The peace process in Afghanistan still has a long way to go and many dialogues need to be led before it is reached. Afghanistan, due to its geo-political strategic position in central Asia was always fought over and conflict is not something new to this country. At the present time, various conflicts exist on different levels. The presence of foreign troops gives the country’s inhabitants feeling of military occupation and, on the other hand, we can hear daily about clashes between Afghan forces and informal non-state groups.
Apart from large-scale conflicts, there are conflicts at a micro level that can easily be overseen next to bigger events that take place in the country. That is, small-scale conflicts exist in Afghanistan among ethnic groups, neighbor villages and behind closed doors, family conflicts take place. MEHRO believes that Afghan people have a recourse to violence way too often and without thinking twice, while resolving these conflicts through peaceful means is possible. We believe that teaching Afghan people to resolve small-scale conflicts will have a positive impact in the process of bringing an end to nation-wide conflicts.

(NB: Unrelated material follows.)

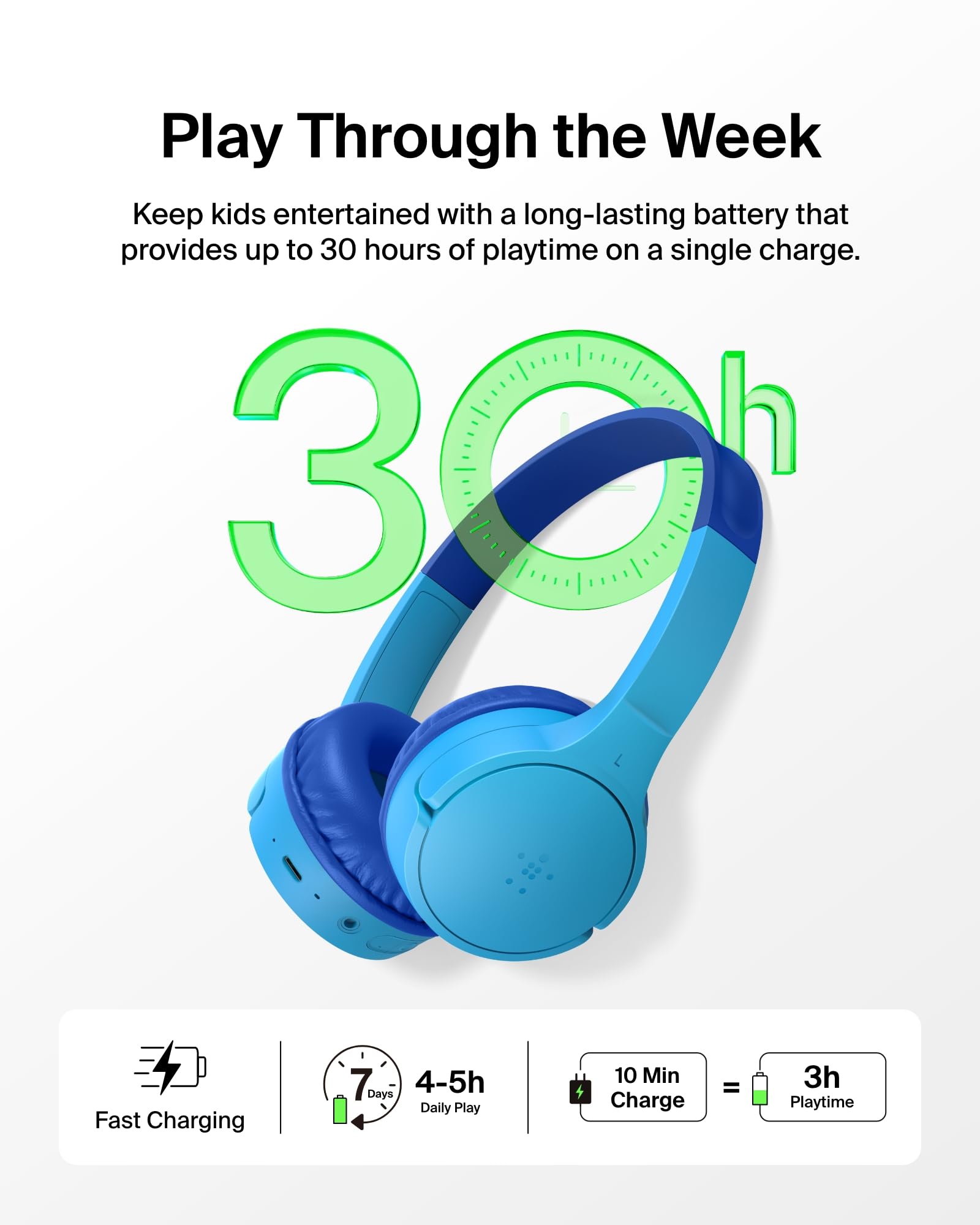 - BUILT-IN MICROPHONE & SAFE SOUND: Headset with built-in microphone for video & phone calls. Belkin Signature Sound is audio tuned, these kids bluetooth headphones wireless designed reach an 85dB volume limit to protect your little one's hearing.

……. On this subject MEHRO has led workshops and trainings in several provinces of Afghanistan that involved women, men, youth and community and religious leaders. It helped strengthen dipute resolution mechanisms and bodies and held series of conflict resolution jirgas.* Since MEHRO realized that the local conflicts in question resulted from the people not having trust in local authorities in dispute resolution and thus taking the matters in their own hands, it organized meetings between the local leaders and the Government of Afghanistan in order to find a solution and increase Afghan government’s legitimacy in these provinces.
*Jirga: traditional assembly of leaders that make decisions by consensus. It predates modern-day written or fixed-laws and is conducted to settle disputes among the Pashtun people.